Implant treatment is a growing field in dentistry, and many clinicians aim to increase their scope of practice by including such treatment. One of the main challenges encountered by clinicians new to implant dentistry is the determination and controlling of implant location. It is the consensus that implant placement must be planned to achieve an acceptable position for an ideal restorative outcome [1, 2]. Poorly placed implants were demonstrated to be associated with increased marginal bone loss, and may lead to the violation of nearby vital anatomic structures [1,2,3]. Restoration of poorly placed implants may not have an optimal morphology and emergence profile, which can affect esthetics and impede plaque control. In addition, restoring poorly placed implants is technically far more challenging with increased time and cost [1,2,3].

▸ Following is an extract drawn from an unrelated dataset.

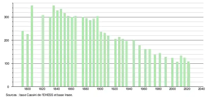 | L'évolution du nombre d'habitants est connue à travers les recensements de la population effectués dans la commune depuis 1793. Pour les communes de moins de 10 000 habitants, une enquête de recensement portant sur toute la population est réalisée tous les cinq ans, les populations de référence des années intermédiaires étant quant à elles estimées par interpolation ou extrapolation[27]. Pour la commune, le premier recensement exhaustif entrant dans le cadre du nouveau dispositif a été réalisé en 2006[28]. En 2022, la commune comptait 101 habitants[Note 6], en évolution de −19,2 % par rapport à 2016 (Hautes-Pyrénées : +1,59 %, France hors Mayotte : +2,11 %). |

While the conventional approach combines the planned restorative outcome with the 3D radiographic information via a radiographic guide, transferring this information to execute the osteotomy at the planned position and angulation is challenging. To overcome this problem, surgical guides were advocated to control implant location, angulation, drilling, and subsequent positioning [4, 5]. Today, with the advancement of digital technologies [6], static computer-assisted implant placement (sCAIP) protocols were proposed as alternatives [7,8,9]. They involve using commercial software programs to decide on the ideal implant position, digitally designing the surgical guide, and producing the surgical guide by means of 3D printing or milling [10]. Further, manufacturing companies provide surgical guides with prefabricated metal sleeves and drilling handles that correspond to the implant surgical tools, which facilitate exacting implant placement. In addition, it has been proposed that implant placement according to sCAIP protocols are easier, simpler, and more predictable than conventional implant placements [11,12,13]. Some studies showed that the accuracy of sCAIP implants is less influenced by the lack of experience of the operator [12,13,14].

Currently, there are two protocols for sCAIP: fully guided (FG) and pilot-guided (PG) protocols [15, 16]. The FG protocol is related to implant manufacturers and has the advantage of controlling all the drilling, tapping, and implant placement through the surgical guide. The PG protocol is an abbreviated form of guided surgery, and only guides the pilot drill. The rest of the surgical procedure is completed freehand. Frequently, the PG protocol is related to open source software programs that allow guide production by 3rd party 3D printers. As a result, the PG protocol is generally more economical than the FG protocol. However, the PG protocol cannot control all the steps of implant placement.